- _Activity_: All of the listing must be given again exactly, except that the images are dropped.

- _Collected data_:
▶

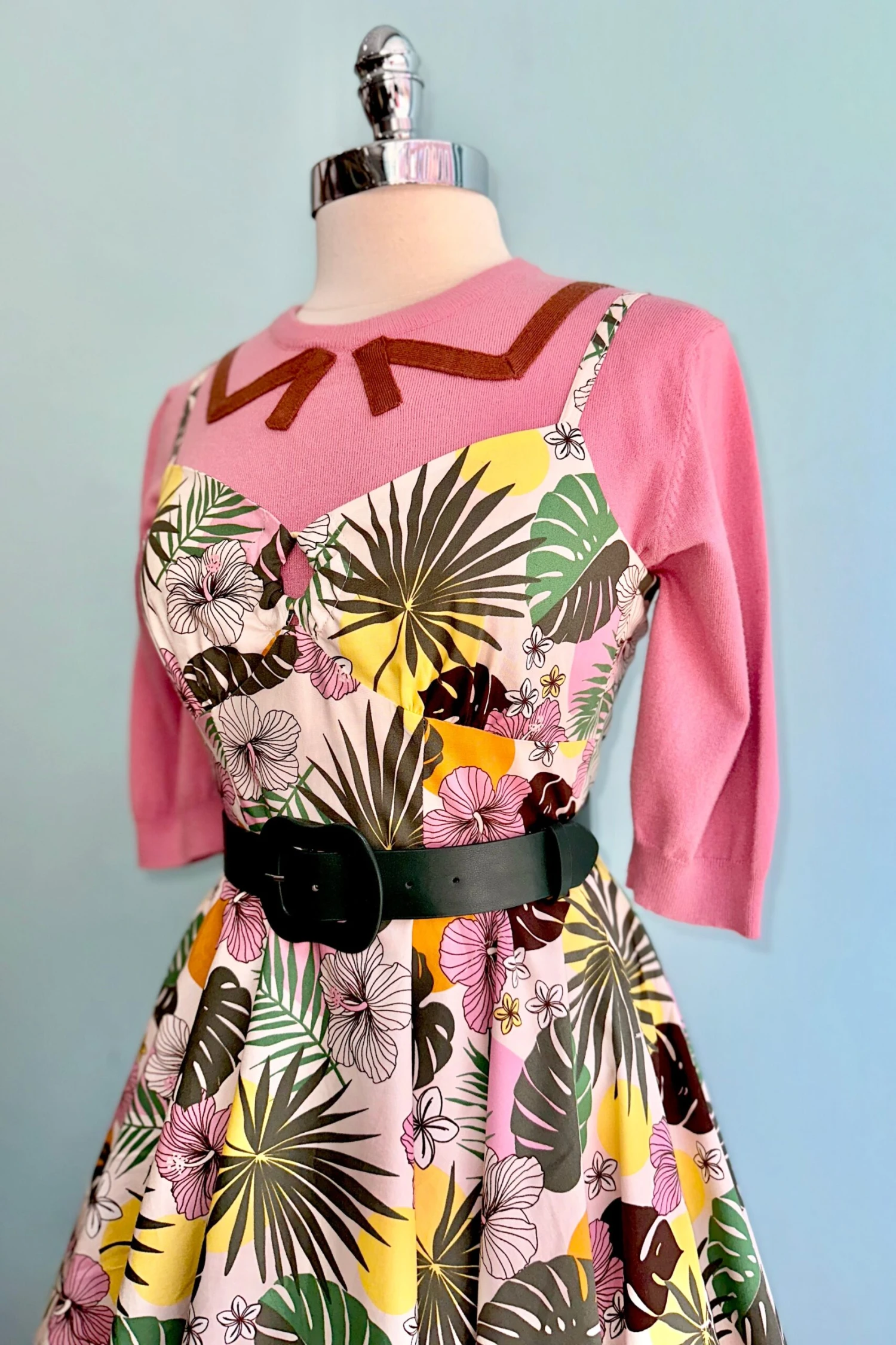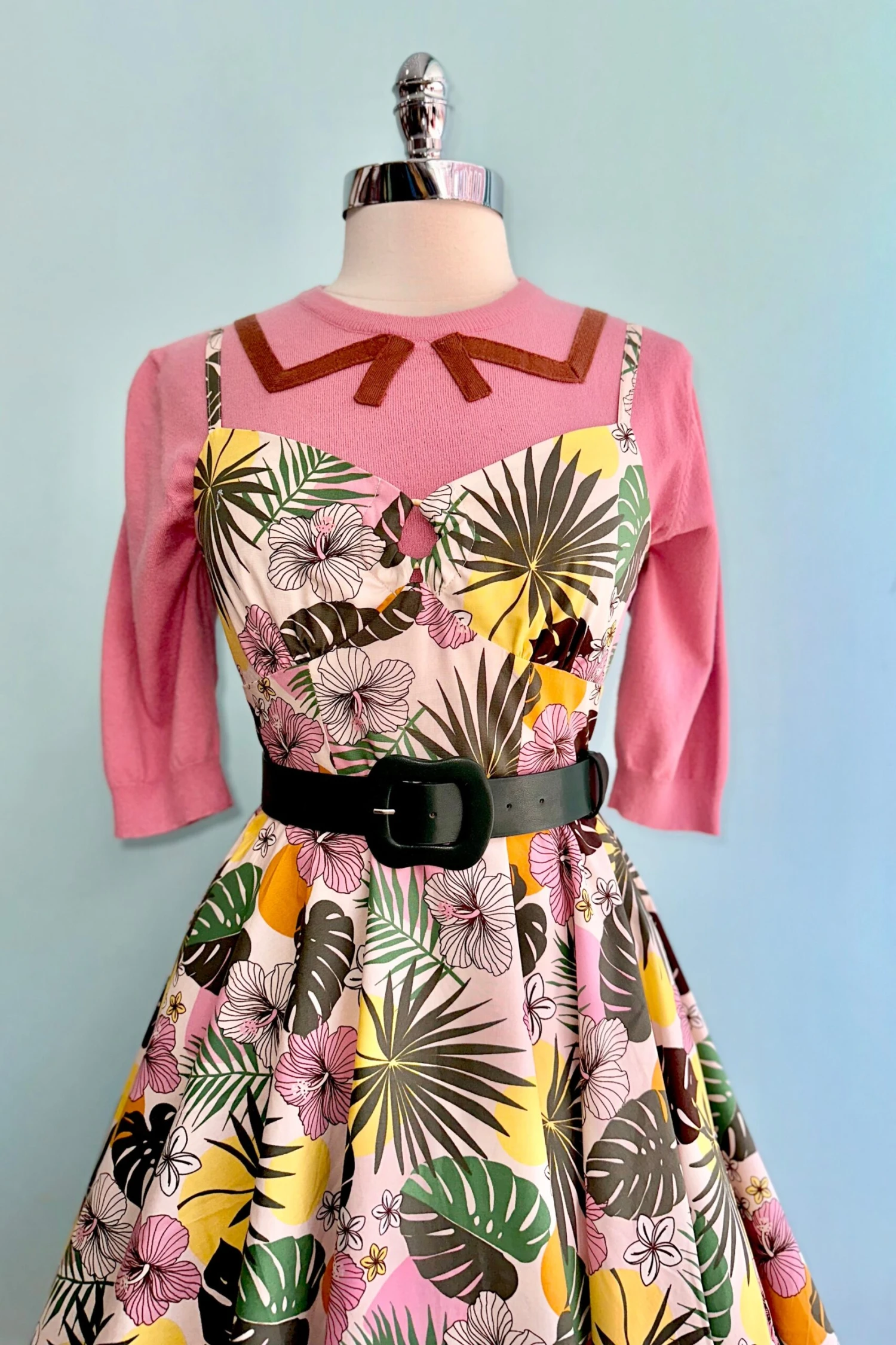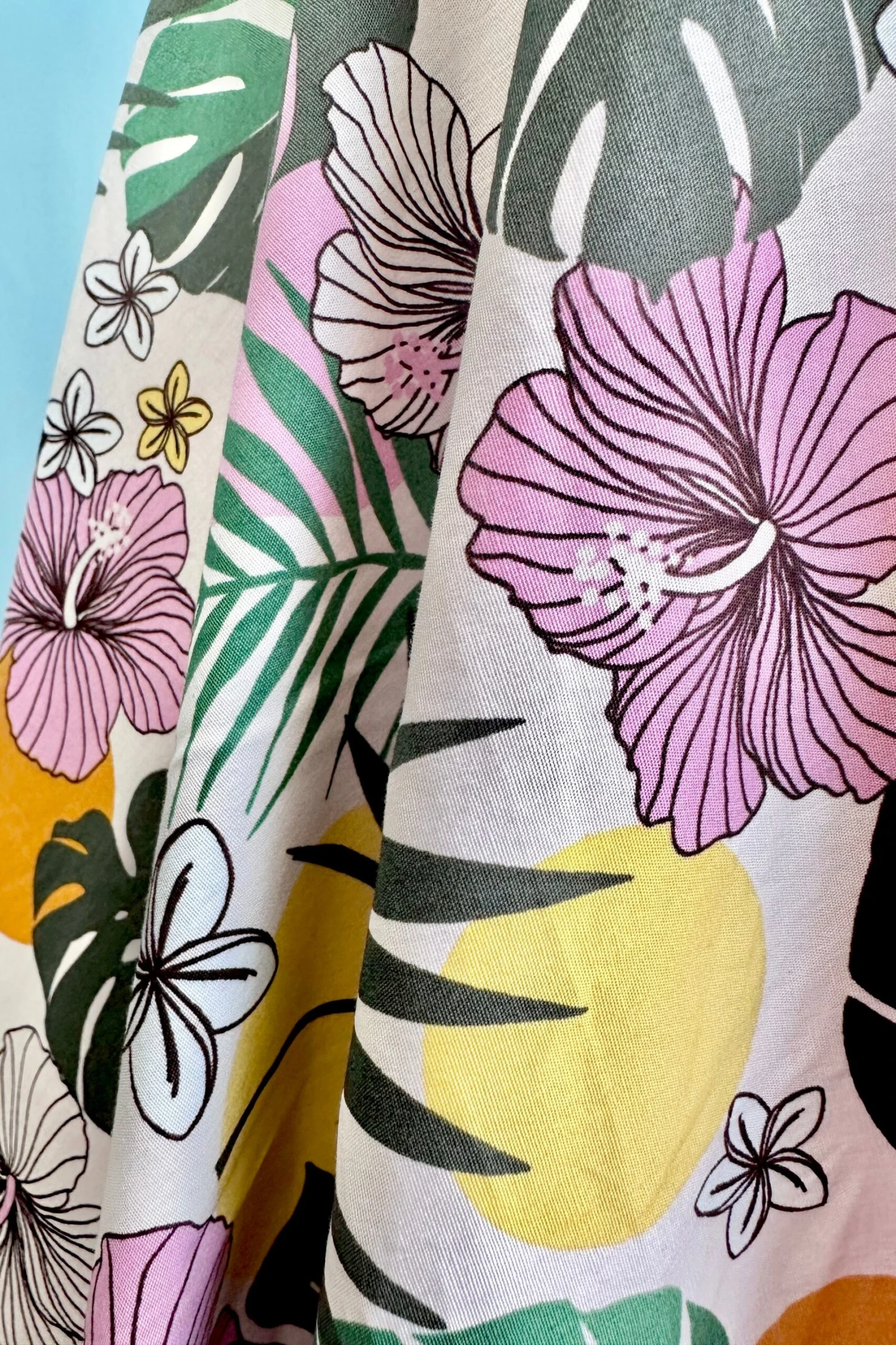 Made from printed cotton, this 50s style dress features an ivory base with big pink tropical flowers, yellow and orange dots and green leaves The sweetheart neckline with ring keyhole and adjustable spaghetti straps add a touch of elegance, while the fitted bodice and flared skirt create a flattering silhouette. With pockets in the side seams and a zip fastening on the center back, this dress combines practicality and style.
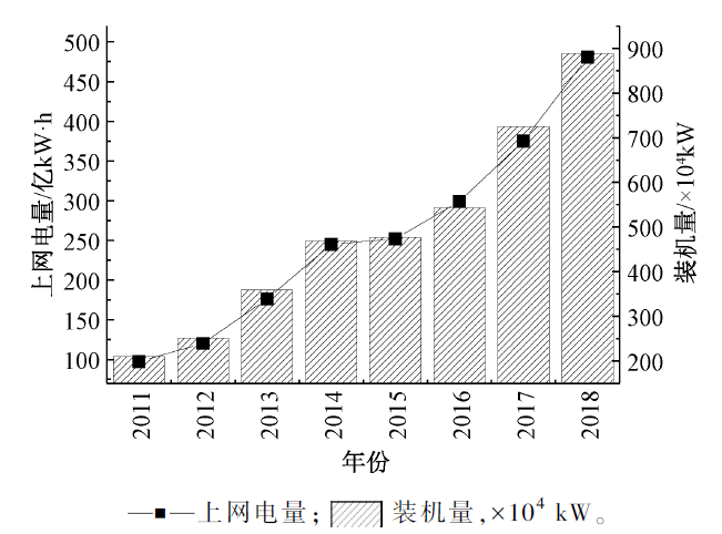 3)焚燒廠實(shí)際運(yùn)行:由于垃圾焚燒廠存在檢修維護(hù)以及部分區(qū)域超前建設(shè)等原因,建設(shè)安裝規(guī)模不等于實(shí)際處理能力。根據(jù)建設(shè)規(guī)模和實(shí)際焚燒量的統(tǒng)計(jì)數(shù)據(jù),折算得到垃圾焚燒廠能力利用率。由圖3可看出:處理能力利用率存在波動,最高出現(xiàn)在2007年(0.88)。將焚燒量折算到滿負(fù)荷運(yùn)行的小時數(shù),2007年為7708 h,2018年為6704 h,近10年來年運(yùn)行平均時數(shù)均未達(dá)到7200 h。運(yùn)行小時數(shù)也會直接影響發(fā)電量。根據(jù)中電聯(lián)網(wǎng)站信息,垃圾焚燒廠2011年聯(lián)網(wǎng)裝機(jī)量為209.7萬kW,上網(wǎng)電量為97.23億kW·h,到2018年聯(lián)網(wǎng)裝機(jī)量達(dá)到889萬kW,上網(wǎng)電量為481億kW·h,折合節(jié)約標(biāo)煤1480萬t(圖4)。入廠垃圾發(fā)電量為300~400 kW·h/t,熱發(fā)電效率為25%~30%。同時由于各廠技術(shù)、運(yùn)行水平及廠區(qū)建設(shè)差異,廠內(nèi)用電占比為15%~20%,因此上網(wǎng)電量水平為255~340 kW·h/t。根據(jù)浙江省發(fā)改委公布數(shù)據(jù)統(tǒng)計(jì),浙江省內(nèi)垃圾焚燒廠平均上網(wǎng)發(fā)電量287 kW·h/t。國家發(fā)展改革委《關(guān)于完善垃圾焚燒發(fā)電價(jià)格政策的通知》規(guī)定,生活垃圾焚燒廠生活垃圾折算上網(wǎng)電量暫定為280 kW·h/t,并按照該限值進(jìn)行分類補(bǔ)貼。
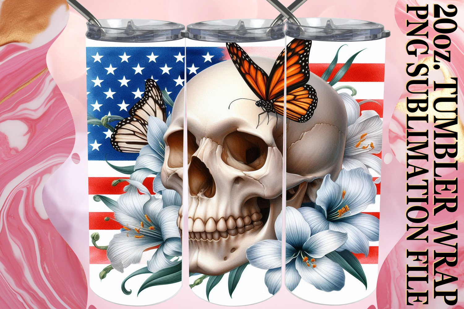 Cheerful Reflections 20oz tumbler wrap, Skull USA example image 1

◀

- _Solution for this task_:
 Made from printed cotton, this 50s style dress features an ivory base with big pink tropical flowers, yellow and orange dots and green leaves The sweetheart neckline with ring keyhole and adjustable spaghetti straps add a touch of elegance, while the fitted bodice and flared skirt create a flattering silhouette. With pockets in the side seams and a zip fastening on the center back, this dress combines practicality and style.
 3)焚燒廠實(shí)際運(yùn)行:由于垃圾焚燒廠存在檢修維護(hù)以及部分區(qū)域超前建設(shè)等原因,建設(shè)安裝規(guī)模不等于實(shí)際處理能力。根據(jù)建設(shè)規(guī)模和實(shí)際焚燒量的統(tǒng)計(jì)數(shù)據(jù),折算得到垃圾焚燒廠能力利用率。由圖3可看出:處理能力利用率存在波動,最高出現(xiàn)在2007年(0.88)。將焚燒量折算到滿負(fù)荷運(yùn)行的小時數(shù),2007年為7708 h,2018年為6704 h,近10年來年運(yùn)行平均時數(shù)均未達(dá)到7200 h。運(yùn)行小時數(shù)也會直接影響發(fā)電量。根據(jù)中電聯(lián)網(wǎng)站信息,垃圾焚燒廠2011年聯(lián)網(wǎng)裝機(jī)量為209.7萬kW,上網(wǎng)電量為97.23億kW·h,到2018年聯(lián)網(wǎng)裝機(jī)量達(dá)到889萬kW,上網(wǎng)電量為481億kW·h,折合節(jié)約標(biāo)煤1480萬t(圖4)。入廠垃圾發(fā)電量為300~400 kW·h/t,熱發(fā)電效率為25%~30%。同時由于各廠技術(shù)、運(yùn)行水平及廠區(qū)建設(shè)差異,廠內(nèi)用電占比為15%~20%,因此上網(wǎng)電量水平為255~340 kW·h/t。根據(jù)浙江省發(fā)改委公布數(shù)據(jù)統(tǒng)計(jì),浙江省內(nèi)垃圾焚燒廠平均上網(wǎng)發(fā)電量287 kW·h/t。國家發(fā)展改革委《關(guān)于完善垃圾焚燒發(fā)電價(jià)格政策的通知》規(guī)定,生活垃圾焚燒廠生活垃圾折算上網(wǎng)電量暫定為280 kW·h/t,并按照該限值進(jìn)行分類補(bǔ)貼。
 Cheerful Reflections 20oz tumbler wrap, Skull USA example image 1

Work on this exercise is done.